Барон не счел нужным отвечать на эту бессильную попытку дерзить и сказал Дьяволу:
— Ну-с! Сударь, вы когда-нибудь закончите вашу историю?
— Прошу прощения, — ответил Сатана, — а почему, собственно, она вас так интересует?
Разозленный барон ущипнул бы Сатану до крови, но, понимая, что лишь сожжет себе пальцы, вновь забился в свой угол.
IV
Действие второе
— Когда Лионель и его мать заканчивали разговор, — продолжил Дьявол, — старый Гуго вернулся в большую залу замка.

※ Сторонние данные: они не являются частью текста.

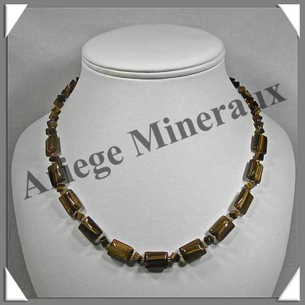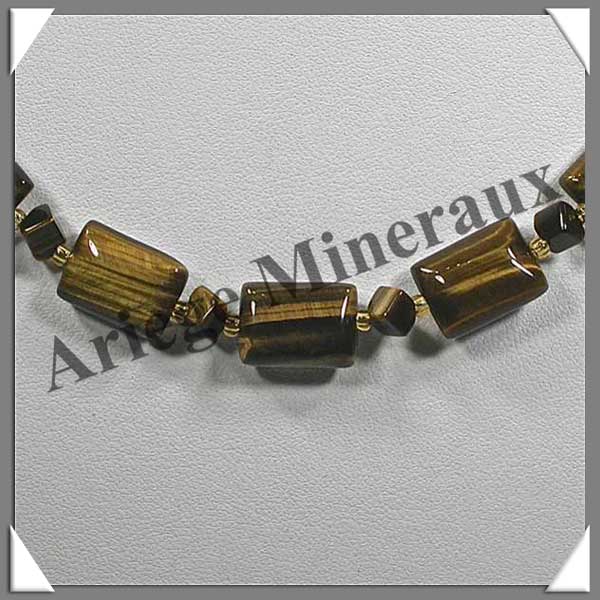 OEIL DE TIGRE - Collier Composé - Rectangles 12x10 mm et Cubes 4 mm en dégradé - 45 cm - C003

Там уже готовили столы для ужина, и все обитатели замка постепенно собирались в зале. Ночь уже опустилась на землю. Ждали только Жерара, но Жерар не возвращался. Все тихо дивились этому, кроме старика, который сухо сказал жене, беспокоившейся из-за отсутствия старшего сына:
«Тем, кто отправляется поскакать по полям, часто попадаются препятствия, которые могут их задержать. Возмутительно, что другие, которым надо преодолеть всего одну дверь, не являются вовремя на ужин. Где Аликс?»
«Пойдите позовите ее», — распорядилась Эрмессинда.
Старик опустил голову, но его дикий взгляд, затемненный длинными бровями, был прикован к Лионелю. Появилась Аликс, Лионель оставался неподвижен и бесстрастен. Старик заговорил любезнейшим тоном:
«Итак, дочь моя, вы избегаете нашего общества, и, когда Жерара нет в замке, никто здесь вас не привлекает? Вот, однако, красивый и бравый рыцарь, которого я вам представляю — мой сын Лионель».
Аликс и юноша холодно приветствовали друг друга. Старик внимательно следил за ними.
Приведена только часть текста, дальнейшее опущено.